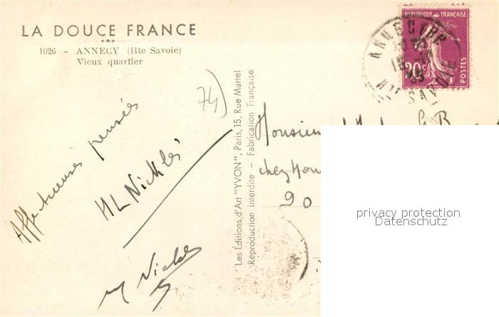 13365609 carte postale Annecy Haute-Savoie Vieux quartier postalisch gelaufen Erhaltung siehe scans [WerneD78] KatCode: 11170074174010
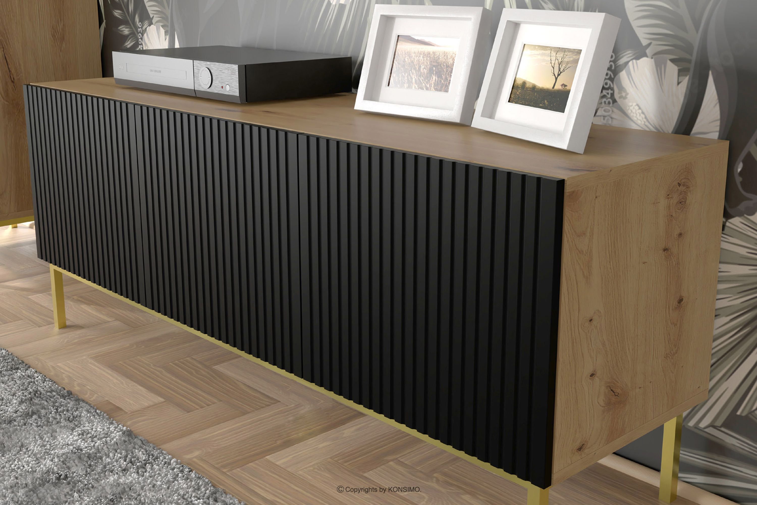 REMO Mehr aus der Kollektion Breiter TV-Schrank auf goldenen Beinen artisan eiche/schwarz- Farbe artisan eiche/schwarz
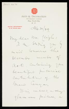 Title: Letter from H.W. Wack to Leigh regarding the publication of Arts and Decoration containing the Grand Canyon photograph
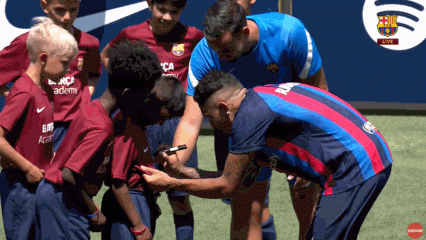 短暂等待后,换上球衣的拉菲尼亚重新入场,与小朋友们抢圈↓
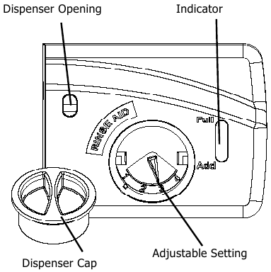 - Add Rinse Aid, if needed (See Rinse Aid).
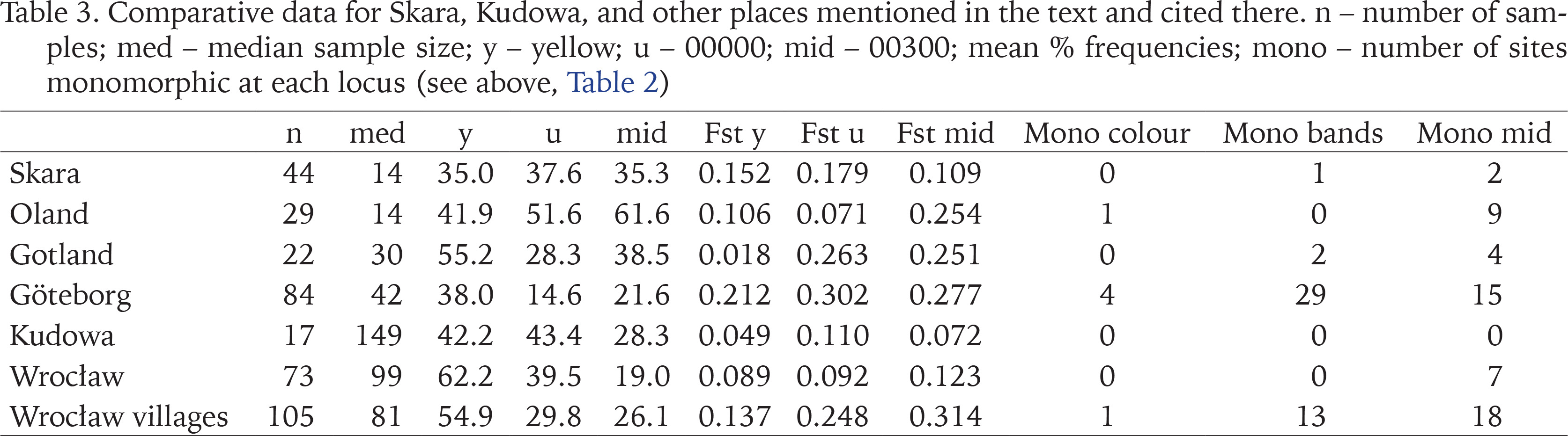Comparative data for Skara, Kudowa, and other places mentioned in the text and cited there. n – number of samples; med – median sample size; y – yellow; u – 00000; mid – 00300; mean % frequencies; mono – number of sites monomorphic at each locus (see above, Table 2)
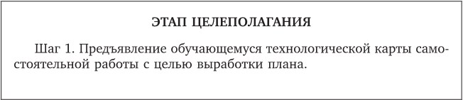Первый этап – этап целеполагания, в задачу которого входит совместное определение цели и составление технологической карты самостоятельной работы. Обучающийся знакомится с требованиями, предъявляемыми к изучаемому предмету в целом и к выполнению заданий по самостоятельной работе в частности, выбирает виды учебной работы.
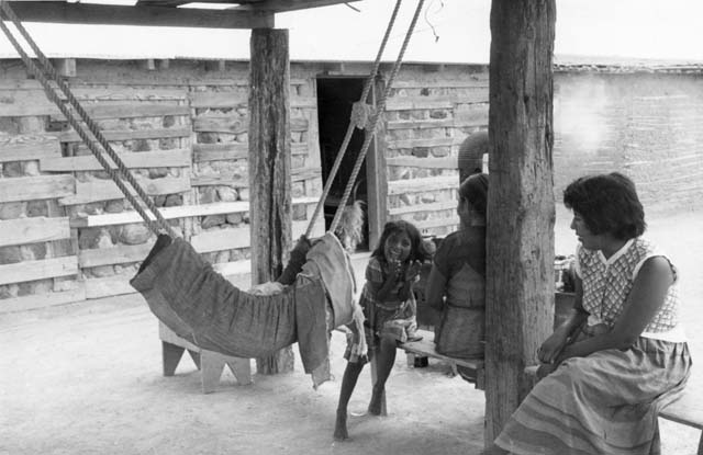 | Title: Two Tohono O'Odham women and a child near a hammock | ||
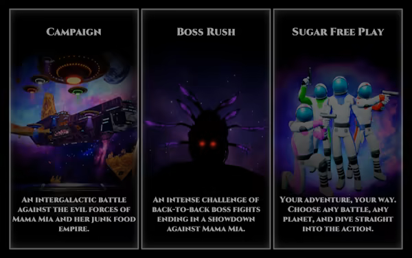 Du faller i junk food-koma under en nattlig film-maraton, våkner som astronaut strandet i en galakse tatt over av levende junk food! Spill solo eller online co-op med opptil 3 venner (max 4 spillere) mot horder av snacks og Souls-lignende bosser for å overleve og rømme!
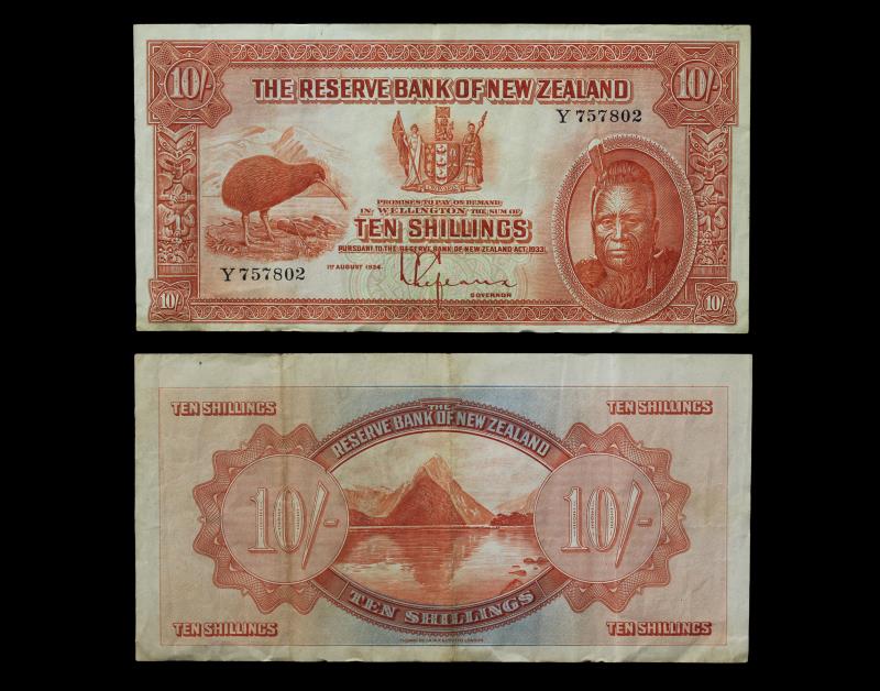 1934-40 LEFEAUX Ten Shillings, s/n Y 757802. gF
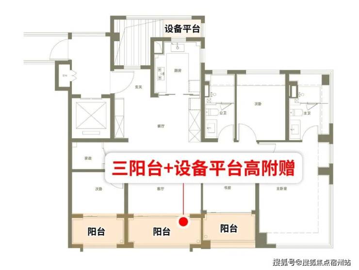 该户型标配的三阳台,阳台附赠面积约7.15平,简单换算相当于近90万的额外馈赠。
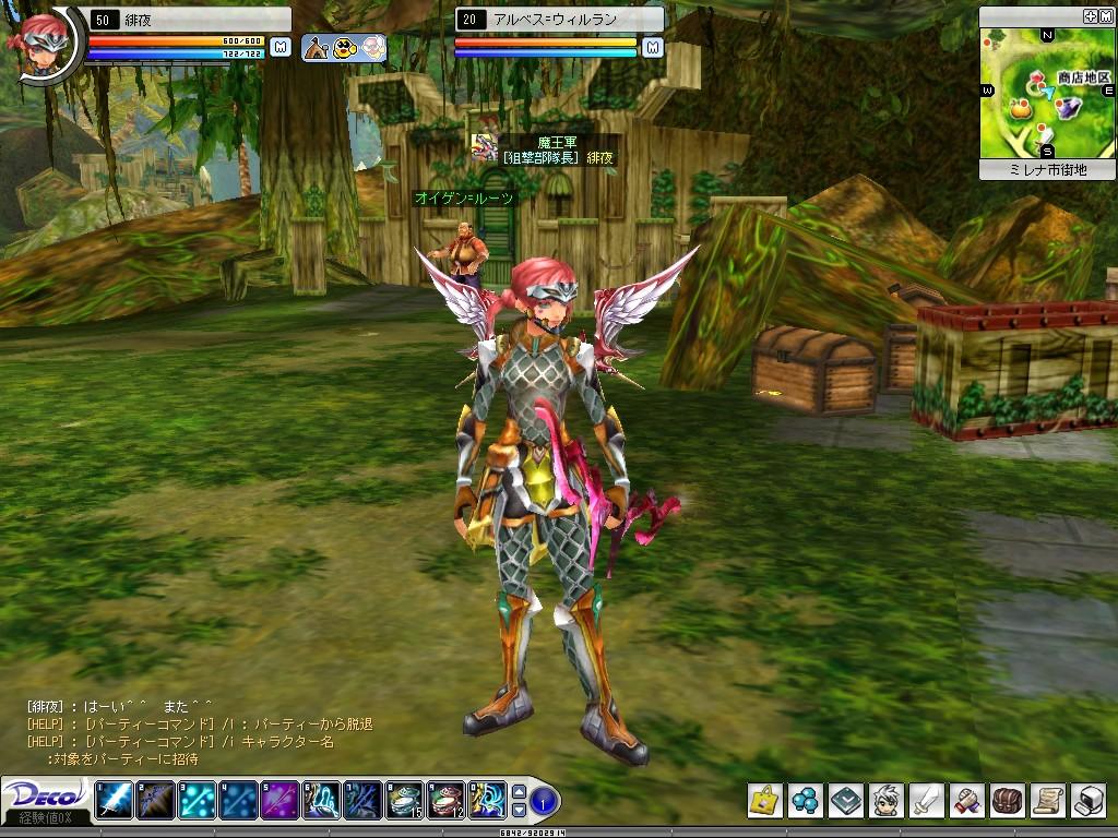 クロセル苦労せる(ぁ Deco Online 2006年05月29日 今日はギルドバグなおっていました。よかった。お昼に入ったらトラさんと詠ちゃんがいたので、詠ちゃんのLV上げついでに自分も上げようと、伐採をしました。詠ちゃん上がり、トラさんもあがったところで、私は@4%ほど。おふたりはごきんじょ冒険隊の新メンバーを迎えにいくとのことで、私は残りをあげてから合流するというわがまま手段にでてしまいました。でも… よしゃ、あと2匹くらいでLvUPだっ!と思ったところでたぶんゲージ死。うぅ、バチがあったんだわ。それでも悔しくて木52と53を相手取り、なんとかLvUP!やっと50の大台に乗れました。ふぅ。そのあと櫻愁にチェンジしてごきんじょ支援。ずっと弓で支援側だった分、スレでレベル引き上げお手伝いというのは不慣れで、どうすればいいのかあたふたして、ギルメンの方には大変ご迷惑をおかけしました。うーん、あたしには『率先』という言葉が似合わないヾ(_ _。)疲れたので休憩。スパークリングタイム(?)にあわせて再びイン。軍鶏さんレヴィさん@@利さん澪姫さんJulianaさんとMAXPT。適宜メンバが入れ替わり、ヴァイスさんがこんにちは。クロセル相手にざくざく狩ってたのですが、ヤツラのアクティブゾーン広すぎる;;どこにいてもひっかけてしまい、おたおたしている間にレヴィさんは何度も逝かれてしまい(TwT。)みなさんご飯でPTは解散。残ったレヴィさんと伐採へ。そばにいたアリスさんという方ともご一緒して赤やら白やらを狩りました。帰ってきた@@利さんも合流。今日は早めに終了。明日早いしね。私は@17%。自力で上げられるかと思ったけど、30分かかって3%だったので断念。お着替えしました。…うーん、カーリーさんが鱗、澪姫さんがメロンっていったのがよくわかるw45装備は胸が見えてるなぁと思っていたけど、50装備になってすごくゴツくなったwまた55装備は派手にもどるし…つくづく、装備って不思議だなぁと思います。以下、おへんじ~ つづきはこちら [0回]
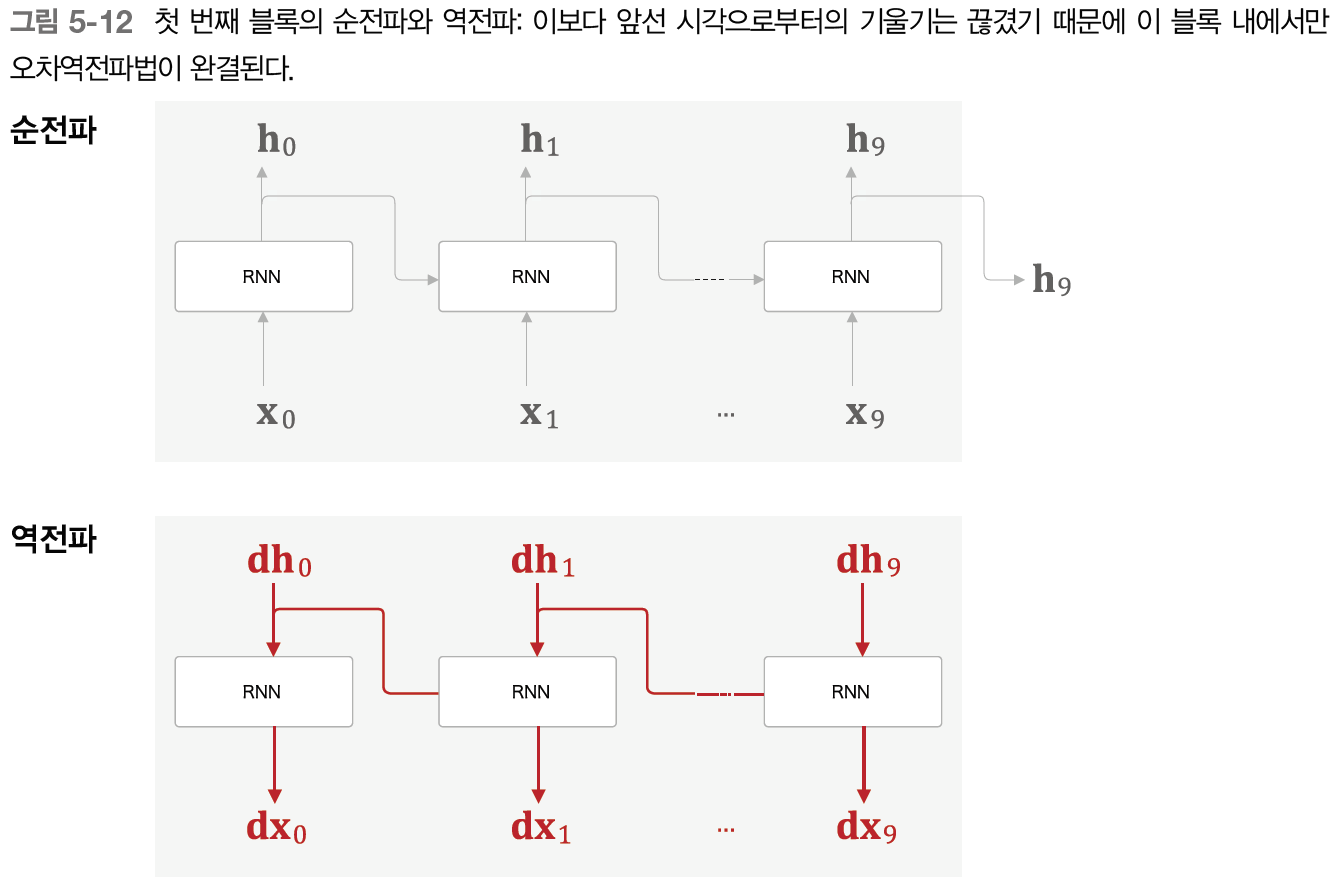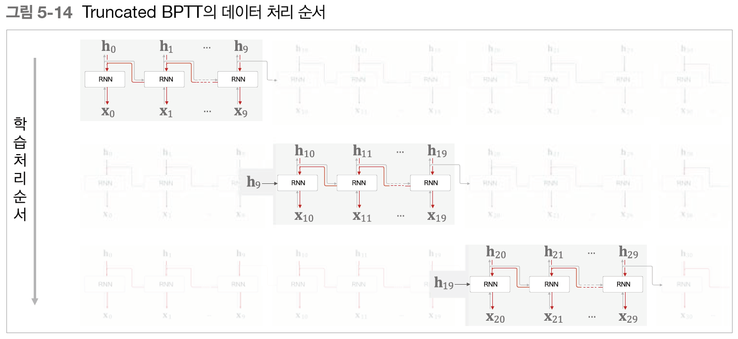- 긴 시계열 데이터를 학습할 때는 데이터를 적당한 길이씩 모으고('블록'), 블록단위로 BPTT에 의한 학습을 수행한다.(=Truncated BPTT)
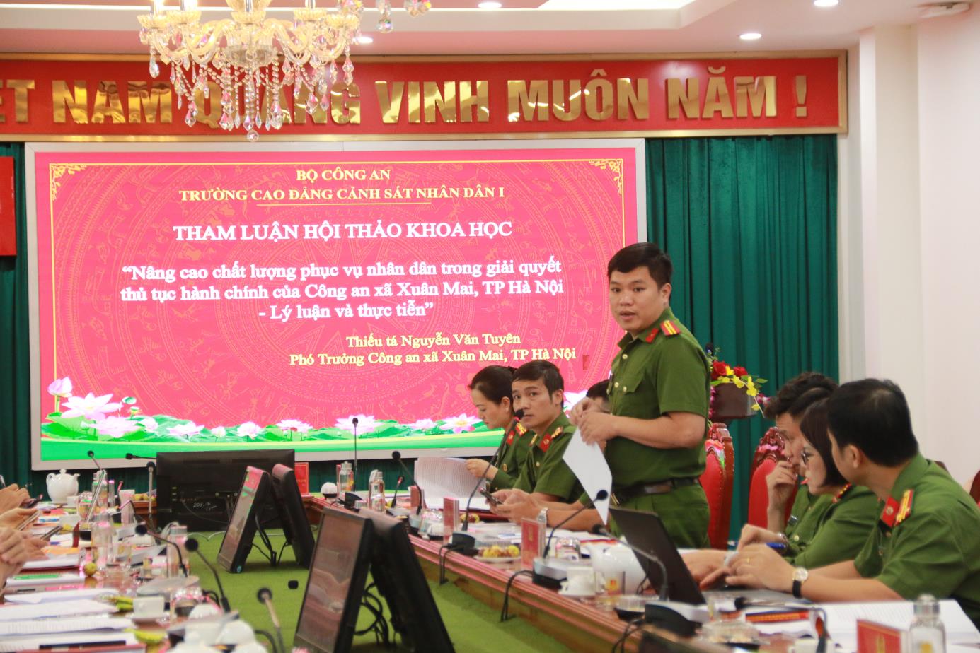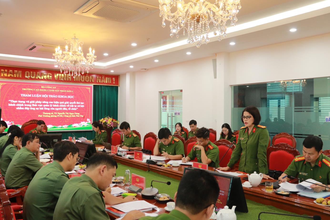 Phần tham luận dưới sự điều hành của đồng chí TS, Đại tá Đồng Thị Hồng Nhung, Phó Hiệu trưởng đã làm rõ chủ đề, bám sát mục đích Hội thảo đề ra. Hằng năm, thông qua kết quả đo lường, Bộ Công an nắm bắt tâm tư, nguyện vọng của nhân dân, qua đó thường xuyên chỉ đạo Công an các đơn vị, địa phương có những giải pháp phù hợp nâng cao chất lượng giải quyết thủ tục hành chính, tăng cường hiệu quả công tác quản lý nhà nước về an ninh, trật tự.
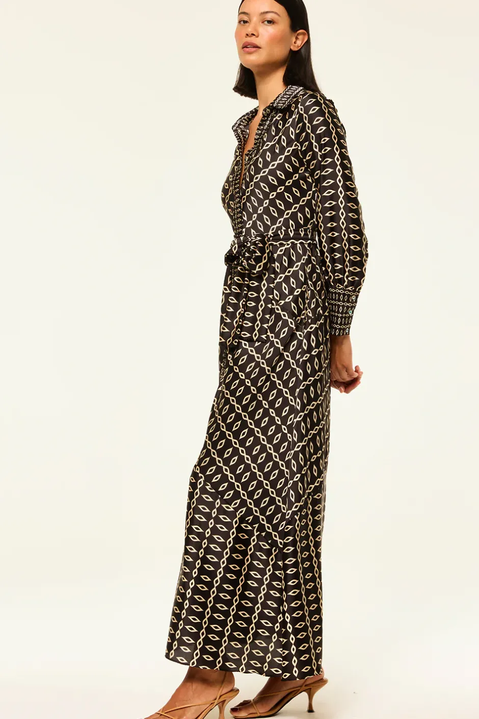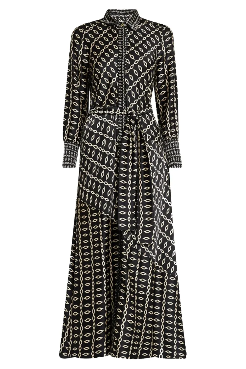 Stevie is an update on the classic shirt dress, rendered in a timeless Go West Geo printed satin on black ground. A fully covered button placket with spread collar and long sleeves with wide button cuffs. An optional self-tie belt. This versatile and universally flattering maxi length silhouette will carry you through fall into winter. Pair with everything from knee high boots to strappy heels.
::::
**ABOUT THIS EXERCISE:** Nothing but an exact copy belongs in the answer: the lines from the top of the records through the line containing "hammock | ||", minus the pictures.

**RESPONSE FOR THIS EXERCISE:**
 13365609 carte postale Annecy Haute-Savoie Vieux quartier postalisch gelaufen Erhaltung siehe scans [WerneD78] KatCode: 11170074174010
 REMO Mehr aus der Kollektion Breiter TV-Schrank auf goldenen Beinen artisan eiche/schwarz- Farbe artisan eiche/schwarz
 Title: Letter from H.W. Wack to Leigh regarding the publication of Arts and Decoration containing the Grand Canyon photograph
 短暂等待后,换上球衣的拉菲尼亚重新入场,与小朋友们抢圈↓
 - Add Rinse Aid, if needed (See Rinse Aid).
Comparative data for Skara, Kudowa, and other places mentioned in the text and cited there. n – number of samples; med – median sample size; y – yellow; u – 00000; mid – 00300; mean % frequencies; mono – number of sites monomorphic at each locus (see above, Table 2)
Первый этап – этап целеполагания, в задачу которого входит совместное определение цели и составление технологической карты самостоятельной работы. Обучающийся знакомится с требованиями, предъявляемыми к изучаемому предмету в целом и к выполнению заданий по самостоятельной работе в частности, выбирает виды учебной работы.
 | Title: Two Tohono O'Odham women and a child near a hammock | ||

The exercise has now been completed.